Rubriche

Dio ci vuole con sè. Ci ama a tal punto che vorrebbe stare sempre con noi. Abbracciati a Lui.

Rubrica ad ispirazione cattolica a cura di Totò Sauna

“In quel tempo, Gesù disse ai suoi discepoli: «Io sono la vite vera e il Padre mio è l’agricoltore. Ogni tralcio che in me non porta frutto, lo taglia, e ogni tralcio che porta frutto, lo pota perché porti più frutto. Voi siete già puri, a causa della parola che vi ho annunciato.
Rimanete in me e io in voi. Come il tralcio non può portare frutto da se stesso se non rimane nella vite, così neanche voi se non rimanete in me. Io sono la vite, voi i tralci. Chi rimane in me, e io in lui, porta molto frutto, perché senza di me non potete far nulla. Chi non rimane in me viene gettato via come il tralcio e secca; poi lo raccolgono, lo gettano nel fuoco e lo bruciano.
Se rimanete in me e le mie parole rimangono in voi, chiedete quello che volete e vi sarà fatto. In questo è glorificato il Padre mio: che portiate molto frutto e diventiate miei discepoli”. Gv 15,1-8

 

Dio ci vuole con se. Avvinghiati a Lui. Uniti a Lui. Ci ama a tal punto che vorrebbe stare sempre con noi. Come due innamorati. Abbracciati a Lui. Sa che lontano da Lui non c’è salvezza. Solo una grande illusione. Quella di essere forti e autosufficienti. Per ricordarcelo ricorre a delle immagini forti.  Ci parla spesso di vigna, di viti, di vignaioli, di uva, di vino, di festa. Perché produrre il vino non è facile, richiede impegno, fatica che dura tutto un anno. Possedere una vigna, coltivarla, era una delle attività dei contemporanei di Gesù. E, in diversi racconti biblici, l’immagine della vigna descrive il popolo di Israele. Israele è la vigna piantata con cura e perizia dal vignaiolo, Dio, che si aspetta, ovviamente, dopo tanta fatica, di poterne ottenere un buon vino. E da questa immagine sono nate molte pagine straordinarie, dolenti, lamenti dei profeti che si lamentavano con Israele, la vigna, di non portare i frutti sperati. Nel vangelo di oggi,  non solo più Dio è descritto come vignaiolo e Israele come la vigna da lui piantata e accudita. Gesù paragona se stesso ad una vite. Una vite cui sono legati i tralci, i discepoli, noi, che ricevono dalle radici linfa vitale per portare frutto. Gesù stesso si identifica nella vite. Non esiste una vite senza tralci. Non esiste un tralcio senza vite. Come può un tralcio vivere senza essere intimamente legato al ceppo? Come può nutrirsi se è staccato dalla vite che lo genera?  Ecco allora l’invito che il risorto rivolge a ciascuno di noi: rimanete. Dimorate. Restate. Se in qualche modo siamo stati sedotti dal Vangelo, se abbiamo fatto esperienza di Cristo nella nostra vita, se il risorto è più di un ricordo, di un fantasma, se abbiamo visto e creduto, se lo abbiamo riconosciuto nello spezzare del pane, nella voce che ci chiama con amore a autorevolezza, allora sappiamo che senza Cristo non possiamo fare niente. Non possiamo fare più niente.
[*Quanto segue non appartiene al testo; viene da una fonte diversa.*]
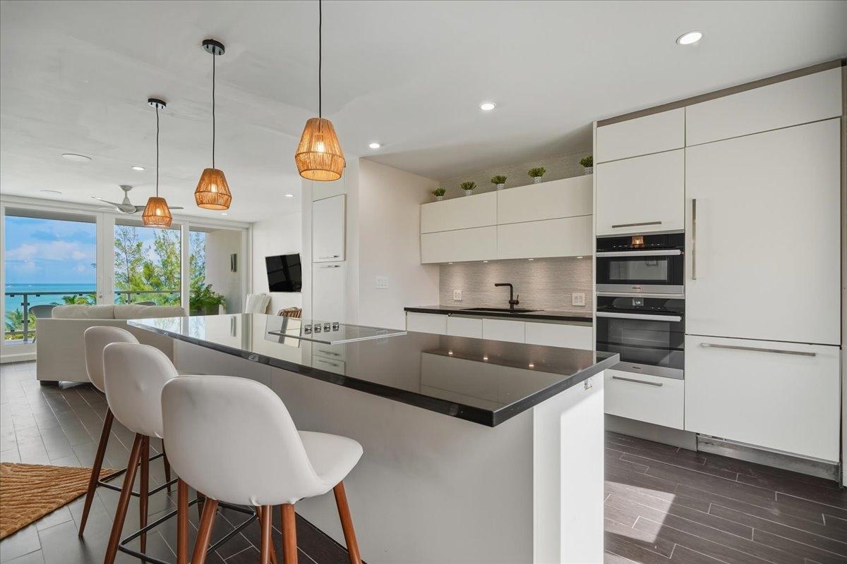 Experience coastal living in this modern 3-bedroom, 2-bathroom unit on the 4th floor of Rawson Court, Cable Beach. This fully renovated unit showcases stunning ocean views and a sleek and spacious kitchen that opens into a bright, airy living and dining area, ideal for entertaining. Just steps from the living room, enjoy an oceanfront patio perfect for relaxation and unwinding. The spacious master suite offers an ocean view, his-and-hers walk-in closets, soaking tub, and stand-up shower. This unit also boasts 2 additional bedrooms and another spacious bathroom, offering ample space for family or guests. The unit comes fully furnished with island-chic furniture and decor, impact windows, in-unit laundry and is ready for immediate occupancy. At Rawson Court, residents enjoy gated entry, a large oceanfront pool with deck and cabana, beach access, and a tennis court. Rawson Court is ideally located on Cable Beach near shops, restaurants, and grocery stores.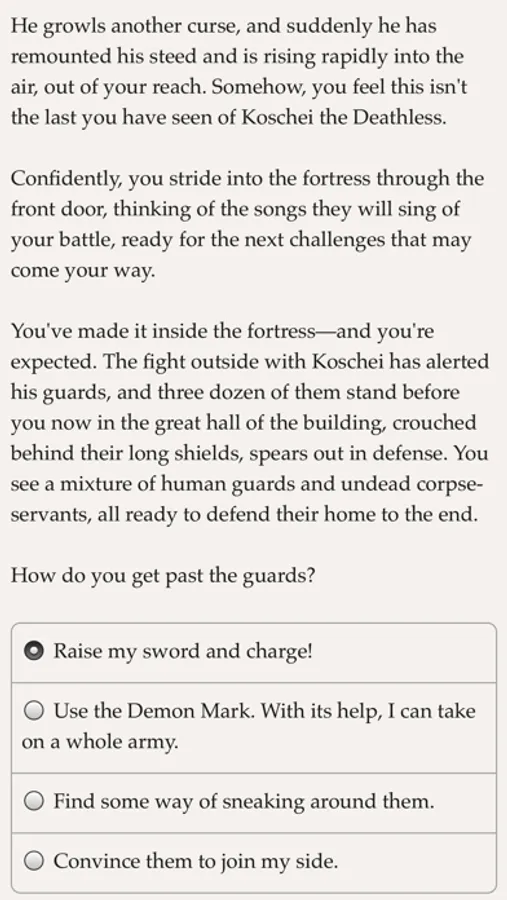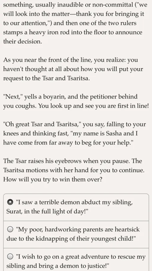 "Demon Mark: A Russian Saga" is a 200,000-word interactive fantasy novel by Vlad Barash and Lorraine Fryer, steeped in Russian folklore. It's entirely text-based, without graphics or sound effects, and fueled by the vast, unstoppable power of your imagination.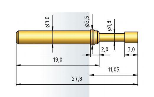 Igła testowa 1041-F-1.5N-AU-2.3-MH5.5, raster 4,50 (177 mil)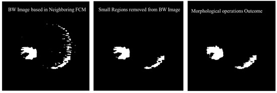 Morphological operations are applied for further enhancement of the tumor region in the binary image. Small regions in the binary are removed based on the connected pixel count values of less than 256 from the MR image having total 57,600 pixels. Erosion and dilation morphological operations with a structure size of pixels are applied to fill the small gaps in the binary image. Figure 12 shows the visual results after removing the small regions from the binary image and applying the morphological operations (erosion and dilation).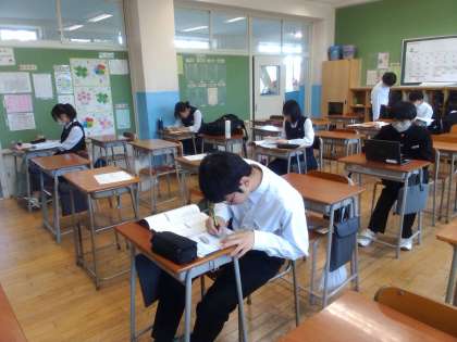 5月15日(水) 3学年 朝の教室の様子 公開日 2024/05/15 更新日 2024/05/15 3学年 3年2組の朝学活前の様子です。 自主的に勉強する姿が見られます。 自分の目標に向かって頑張っています!!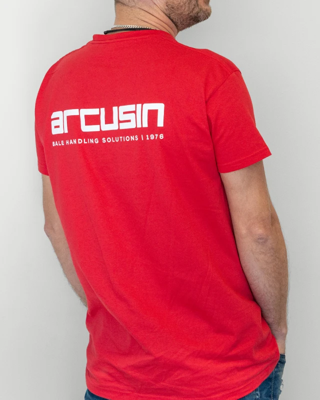 Unisex cotton tee with a relaxed fit, featuring the ARCUSIN logo printed on the front and back.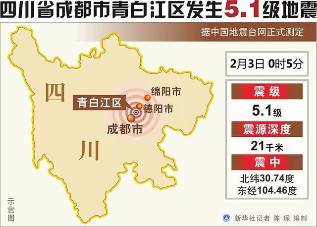 根据中国地震台网的正式测定:2月3日0时5分在四川成都市青白江区发生5.1级地震,震源深度21千米,震中位于北纬30.74度,东经104.46度。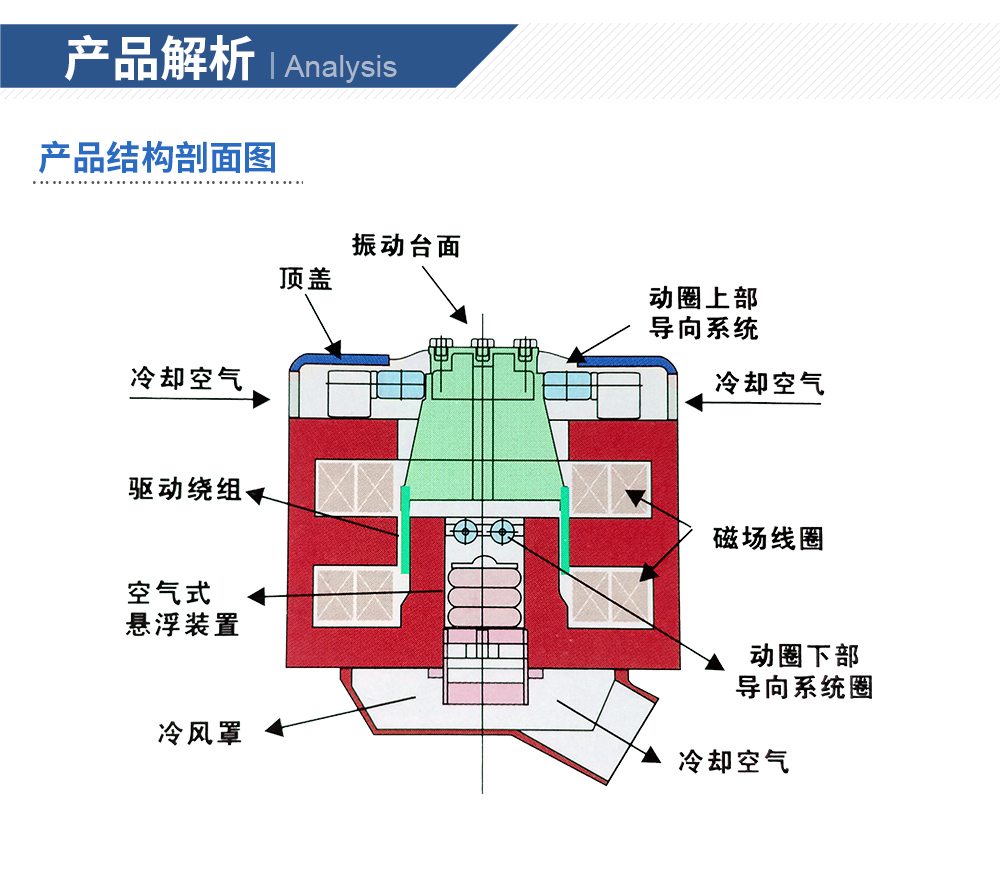 性能特點:●強制風冷 ●正弦激振力范圍: 1kN ~ 70kN●兩倍的正弦沖擊力(2噸以上可選三倍) ●輕質動圈,優(yōu)化設計,耐振性能強●中心氣囊承載能力強,低頻性能好 ●可配置水平滑臺●風機冷卻效果好,噪音低 ●使用頻率可從1Hz開始●隨機與正弦激振力1:1 ●位移峰峰值最大可達100mm●耳軸氣囊隔震效果好 ●雙磁路設計,漏磁低,磁場均勻●正弦、隨機、沖擊等試驗功能 ●高效率、高可靠性功率放大器系統(tǒng)特點:◎一階共振頻率高、使用頻率寬優(yōu)化的動圈骨架結構設計,特別是對傳統(tǒng)結構的動圈骨架傳力角板等薄弱環(huán)節(jié)進行增強設計,有效提高了傳力剛度;采用膠接與螺釘連接的復合固定繞線環(huán)筒和繞線環(huán)筒增強膠孔的新結構,增強了繞組的剛度。顯著提高了動圈的一階共振動頻率,超過了國際同類產品。◎動圈繞組可靠性高獨創(chuàng)的動圈繞組加強環(huán)的新結構和新工藝,顯著提高了動圈繞組工作在大推力、高加速度振動、沖擊和高溫環(huán)境中的耐振可靠性。◎風冷效率高創(chuàng)新的電動臺冷卻風道設計:改進了進風結構,上磁環(huán)用長槽型進風道取代圓孔型進風道;勵磁線圈采用蜂窩式風道、中磁環(huán)采用雙層風流式風道、下磁環(huán)采用斜楔型風道等新結構,顯著提高了冷卻效果。◎冷卻風機冷卻風機具有獨特的風道等結構設計,風機冷卻效果好,噪音低。◎水平和垂直試驗帶水平滑臺的電動振動臺可以用于水平和垂直試驗,兩個方向的切換方式簡單,翻轉方便。◎采用IGBT模塊功放采用性能可靠的MOSFET和IGBT模塊,具有很高的穩(wěn)定性和可靠性。◎安全性能產品符合歐洲標準測試要求,在功放上裝有緊急停止開關,有效應對突發(fā)事件。符合美國UL和CE安全要求。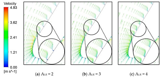 Velocity vector distributions at the leading edge at 50% span of the different elliptic aspect ratios of the leading edge (a–c).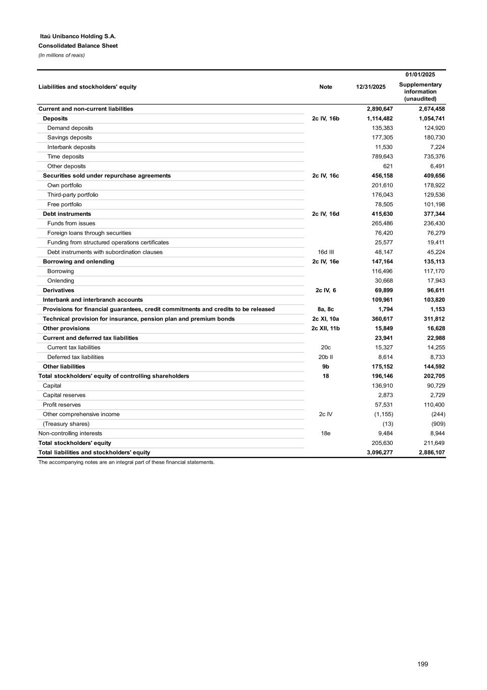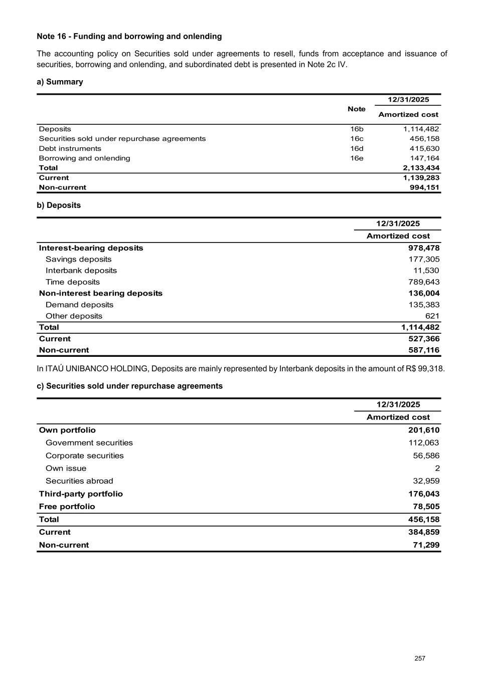 Note 16 - Funding and borrowing and onlending The accounting policy on Securities sold under agreements to resell, funds from acceptance and issuance of securities, borrowing and onlending, and subordinated debt is presented in Note 2c IV. a) Summary Note 12/31/2025 Amortized cost Deposits 16b 1,114,482 Securities sold under repurchase agreements 16c 456,158 Debt instruments 16d 415,630 Borrowing and onlending 16e 147,164 Total 2,133,434 Current 1,139,283 Non-current 994,151 b) Deposits 12/31/2025 Amortized cost Interest-bearing deposits 978,478 Savings deposits 177,305 Interbank deposits 11,530 Time deposits 789,643 Non-interest bearing deposits 136,004 Demand deposits 135,383 Other deposits 621 Total 1,114,482 Current 527,366 Non-current 587,116 In ITAÚ UNIBANCO HOLDING, Deposits are mainly represented by Interbank deposits in the amount of R$ 99,318. c) Securities sold under repurchase agreements 12/31/2025 Amortized cost Own portfolio 201,610 Government securities 112,063 Corporate securities 56,586 Own issue 2 Securities abroad 32,959 Third-party portfolio 176,043 Free portfolio 78,505 Total 456,158 Current 384,859 Non-current 71,299 257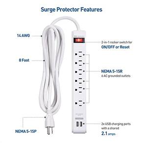 Conecte más con Cable Matters AC Potencia de productos 6 Salida Power Strip Transformar un enchufe eléctrico existente en una estación de mini-charging en la habitación recámara para cocina, oficina, o en la escuela. Dual USB Puertos de carga con una carga de dos 2,1 amperios compartida smartphones. El interruptor de encendido/apagado es apesível para una intégrant rápida o disjuntor de circuito Reset. Ele es montaje en pared o superficie con tiradores de rosca en la parte inferior de la surge protector. Puertos de carga USB Dual USB Puertos de carga con una 2,1 amperios compartida proporcionar con protección de picos de potencia para tus dispositivos electrónicos. Todos os dispositivos conectados estão protegidos con la supresión de sobretensiones de hasta 300 Julios. Especificaciones – Classificação Tetera: 15 A, 125 VAC, 60 Hz, 1875 W – julios Classificação: 300 – Sujeción Voltaje: 500 V – AC Potencia Longitud del cabo: 8 tortas Importantes notas Estimadas – sólo para uso en interiores en seco Ubicaciones – No exceda el índice de tetera Contenido del paquete 1 x 6-Outlet surge protector 1 x Plantilla de montaje en superficie Garantía Garantía limitada de un año y soporte producto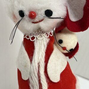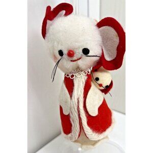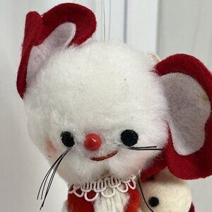 Vintage Christmas White Red Flocked Felt Mouse Mice Tree Ornaments Made in Japan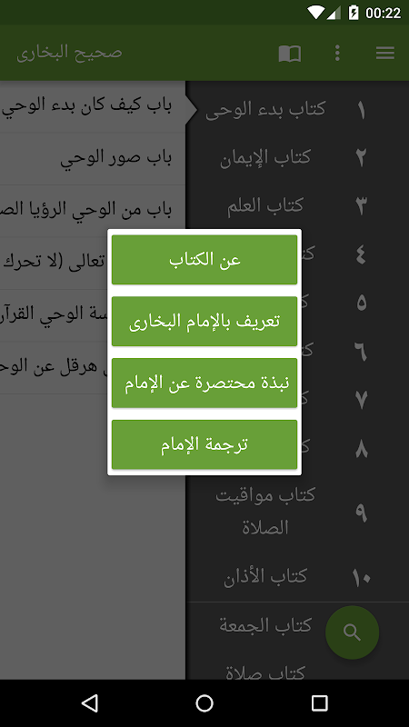 Sahih Al-Bukhari應用程序是Android上的一個伊斯蘭應用程序,其中包含“上帝的使者的事情上的Al-Jameen Al-Musnad Al-Sahih Al-Muqasarah”這本書的所有聖訓,願上帝的祈禱與和平降臨在他,他的聖訓和他的時代,稱為Sahih Al-Bukhari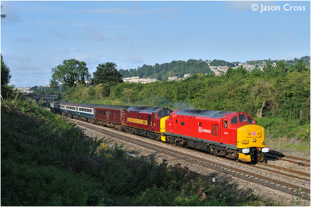 37670 and 37401 power the 2O72 0909 Bristol Temple Meads to Weymouth at Bathampton. Date: 5 September 2009 Manipulation Notes: None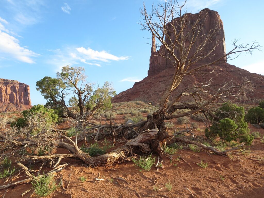 倒木と乾いた樹木のシルエットが、西部の厳しい自然を物語る。静かに立つWest Mitten Butteと響き合い、時の流れを刻んでいる。(撮影:筆者)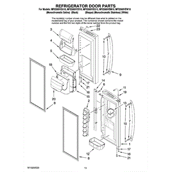 The Door Gasket is an OEM replacement part for Whirlpool side-by-side refrigerators. This black gasket provides a critical moisture and air seal around the refrigerator and freezer door openings. Causes of failure may involve cracking or degradation from mechanical stresses or chemical exposure over years of use. Temperature fluctuations can also damage sealing integrity. Symptoms of a defective door gasket include: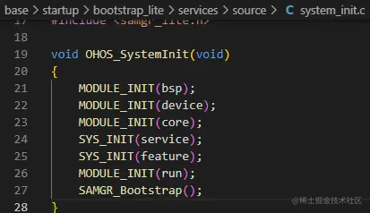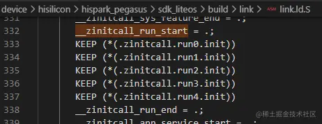 这是个宏定义,展开的调用关系 :\base\startup\bootstrap_lite\services\source\core_main.h定义,从MODULE_CALL、MODULE_BEGIN 、MODULE_END,最终调用的地址是__zinitcall_##name##_start,MODULE_INIT(run)调用的函数地址是__zinitcall_run_start。
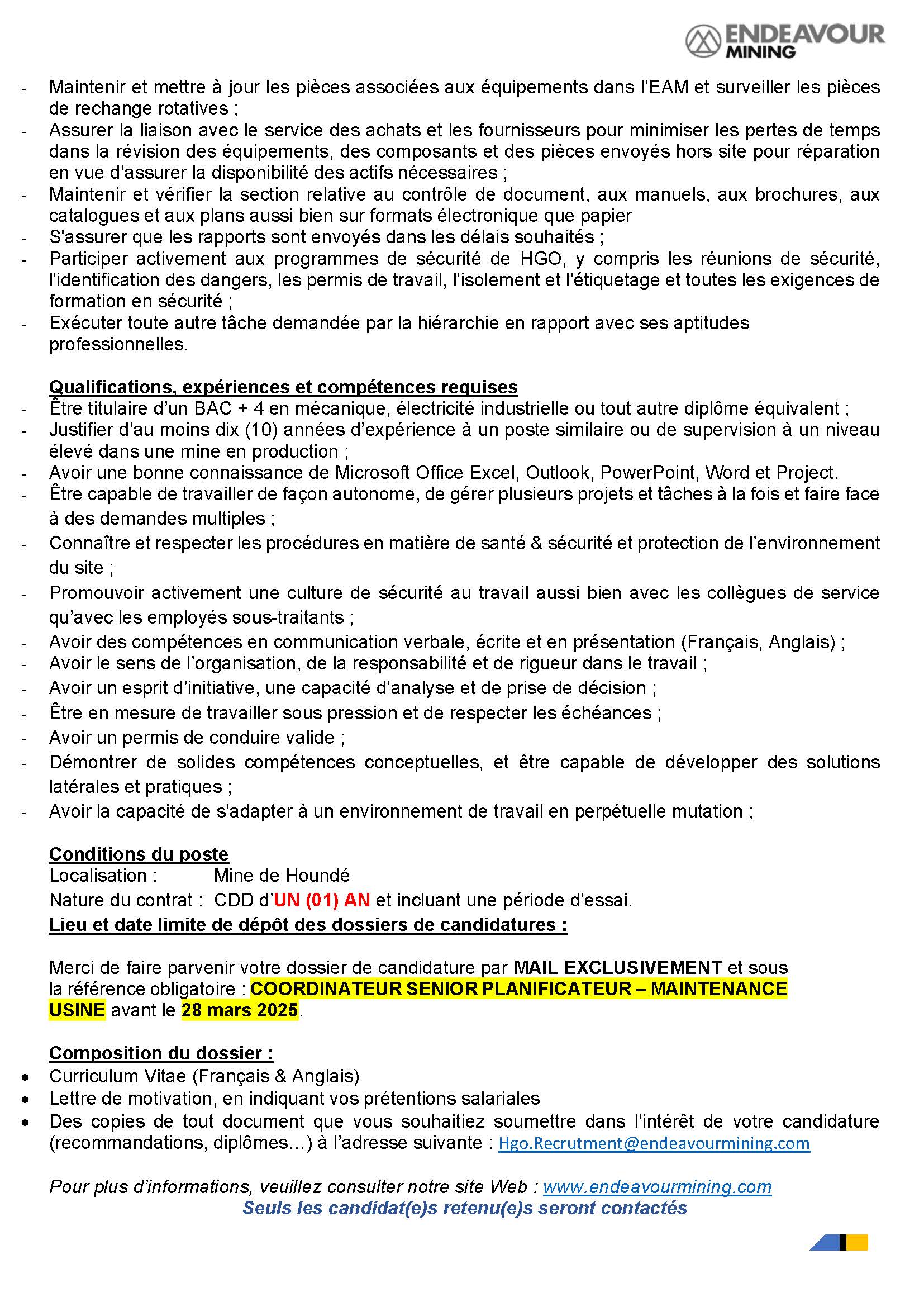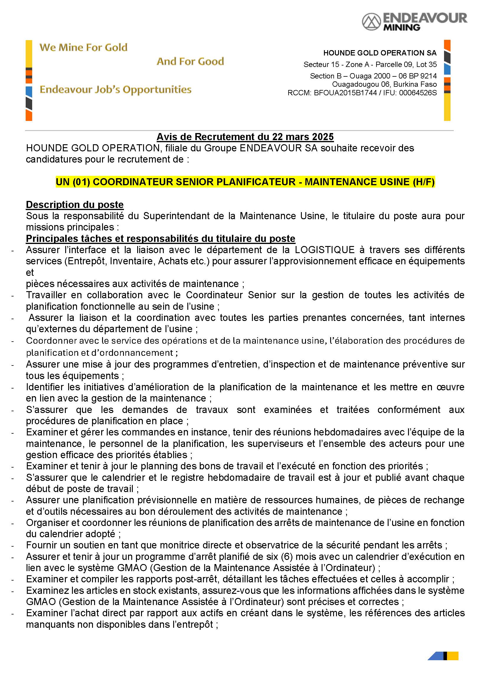 HOUNDE GOLD OPERATION, filiale du Groupe ENDEAVOUR SA souhaite recevoir des candidatures pour le recrutement de : UN (01) COORDINATEUR SENIOR PLANIFICATEUR – MAINTENANCE USINE (H/F)

Perché la sua Parola ha spalancato il nostro cuore, illuminato la nostra anima. Ora vediamo. Capiamo. Sappiamo. E se restiamo uniti a Lui, se siamo intimamente collegati, connessi, allora da lui riceviamo la linfa che ci fa vivere. La nostra vita quotidiana, fatta di mille o di poche cose, di lavoro, di attese, di relazioni, di fatica, di luci e di ombre, acquista uno spessore diverso. E sperimentiamo, davvero, sul serio, nella verità che risuona dentro di noi, che quando ci allontaniamo da Cristo inaridiamo, sopravviviamo, ma non portiamo nessun frutto. Nessuno. Non è una minaccia, ma una descrizione della realtà più semplice ed ovvia: senza Cristo non possiamo fare nulla. Sì certo: ci affatichiamo, otteniamo successi lavorativi, forse, realizziamo i nostri desideri. Ma tutto è nulla. Perché sfugge alla logica dell’anima, della nostra missione. Perché appartiene alle cose fuori. Belle, dignitose, importanti, gratificanti. Ma fuori. Entrare nel pensiero di Cristo, nella logica dell’amore e dell’amare, entrare nella logica del discernimento del sapere, del vedere con lo sguardo dello Spirito, restare intimamente uniti, lasciar scorrere la sua linfa in noi, ci aiuta a portare frutto. Frutto che non è il risultato di uno sforzo, ma la fioritura di una vita.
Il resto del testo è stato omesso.